Promoting PH is everyone’s task–DOT exec

Wanda Corazon Teo

Tourism Secretary Wanda Teo. ACE MORANDANTE/Presidential Photographers Division

BAGUIO CITY—Saying her task was not to keep a headcount of tourist arrivals, Tourism Secretary Wanda Teo announced the establishment of tourism media to help push the country “into the global radar” so tourism could improve local economies and serve as a poverty alleviation tool.

“Since Day 1 [of my appointment as secretary], I had only one goal in mind—to rally [everyone] behind one simple idea, that tourism [promotion] is a shared responsibility,” Teo said in her address to the annual Media Congress organized by the Media Specialists of the Philippines at Camp John Hay here last week.

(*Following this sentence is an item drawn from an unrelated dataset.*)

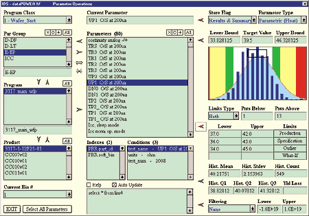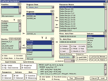 Fast, flexible data retrieval is also essential to efficient data management. Data must be accessible, easily related and quickly retrieved before any analysis can be performed. dataBASE allows you to establish relationships between wafers, lots, products, product families, tests and test programs - before retrieval.

Teo said her mandate “is not only to improve statistics but to make a difference by translating [tourism arrivals into] profitable income and employment.”

Tourism potentials

To muster support, she said she had directed the regional offices of the Department of Tourism (DOT) to establish their respective tourism media, hoping to let reporters get a “first-hand grasp of newsworthy tourism potentials in the regions.”

She said she viewed media as “great influencers and thought leaders” who would trigger change “and build a nation that we can all be proud of [by providing news that are] accurate, impartial and development-oriented in transforming lives.”

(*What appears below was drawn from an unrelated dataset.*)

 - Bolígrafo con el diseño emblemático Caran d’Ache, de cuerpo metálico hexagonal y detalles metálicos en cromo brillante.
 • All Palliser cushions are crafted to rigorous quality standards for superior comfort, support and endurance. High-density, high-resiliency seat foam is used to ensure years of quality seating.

According to her, the DOT has revived a tourism referral incentive program called “Bring Home a Friend,” which was introduced by former Tourism Secretary Mina Gabor.

She said the DOT was also designing programs that would allow “indigent Filipinos to partake in the tourism industry” by investing government resources in rural communities using P677 billion, which President Duterte pledged to raise for tourism.

Latest DOT campaign

The DOT’s latest tourism advertising campaign, “When you’re with a Filipino, you’re with family,” was conceived because it highlighted homegrown Filipino values, she said.

The commercial features the mother of a family who offered a Caucasian tourist a snack of yam when he wandered near a river.

The tourist asked his guide what the woman meant when she called him “anak.” The guide answered that she called the tourist her child.

Teo said the commercial built upon “what other countries had failed to see” about the Philippines, which was its people.

She said the country’s welcoming nature was its strongest and most enduring brand quality.